One night in Greenwich, Max and I were alone after the show. It was my 30th birthday and there were no trains back into town. He drove us to Covent Garden in his Hillman Minx. Maggi Hambling told me he once had a goldplated Rolls-Royce.

In Goodwin’s Court, he took me to a Chinese restaurant with a window full of splayed orange ducks. He told me wonderful stories of his travels: as a comic dancer, he found there was no language barrier.

In Paris, he worked at the Casino de Paris in a revue, with Maurice Chevalier. He had a girlfriend, Susie, older than him and gorgeous – maybe on the game. She wore silk stockings and they were lovers whenever he was in Paris.

In Germany, he was free to study Grock (1880-1959), the Swiss clown and physical comedian who mesmerised his audience. As with Max, his act knew no language barrier. He came to England but when they approached him to claim income tax, he disappeared, never to return again!

Max shared the bill at the Palladium with Frank Sinatra. After the show had been on some time, the management told him he had to curtail his act by six minutes. He worked out at what point to stop, walked to the front of the stage and, placing one foot on the footlights, said,

‘There was a young man from Dundee,

Who got stung on the neck by a bee.

When asked if it hurt,

He said, “Not very much.

It can do it again if it likes.”

Goodnight, folks.’

Dan Leno would have been proud.

Max’s good fortune was that Greenwich Theatre had a panto being rehearsed and, for two weeks after the close of The Entertainer, there was no evening show.

So Max put on a one-man show, Aspects of Wall, which then transferred to the Garrick Theatre and brought him back to the centre of things.

I saw it many times.
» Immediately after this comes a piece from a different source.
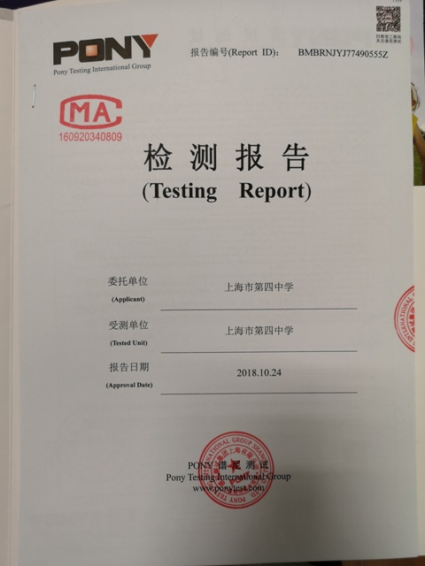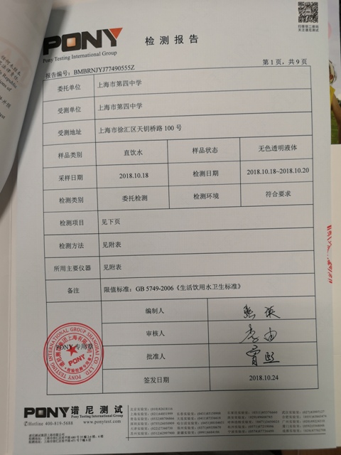 上海市第四中学11月水质检测报告

The last time I took choreographer Eleanor Fazan, an elegant, joyous woman known as Fiz.

After the show, we went to Rules restaurant in Covent Garden, where the staff remembered Max from when he’d been in The Pajama Game at the London Coliseum. Max was very taken with Fiz and she was delighted to be with him. A great night – and the last time I saw him.

Max’s second wife, 26 years his junior, wrote a note when she left him, saying, ‘You will end up in one room, alone, with nothing.’

Well, she was wrong. Max collapsed and died in his favourite restaurant, Simpson’s in the Strand, where he was entertaining two friends and the staff. The last thing he saw was a joyous, loving audience.

I recently saw a documentary on Max on Talking Pictures TV. The last sequence of the film was him on stage, facing his audience in his Wallofski wig, making bourgeois utterances of no meaning whatsoever.

The audience was delirious and vocal, expressing their happiness for him and for the fact that they were present.

Dan Leno would have been proud and Grock would have been mesmerised. The night of the splayed ducks was a highlight of my life.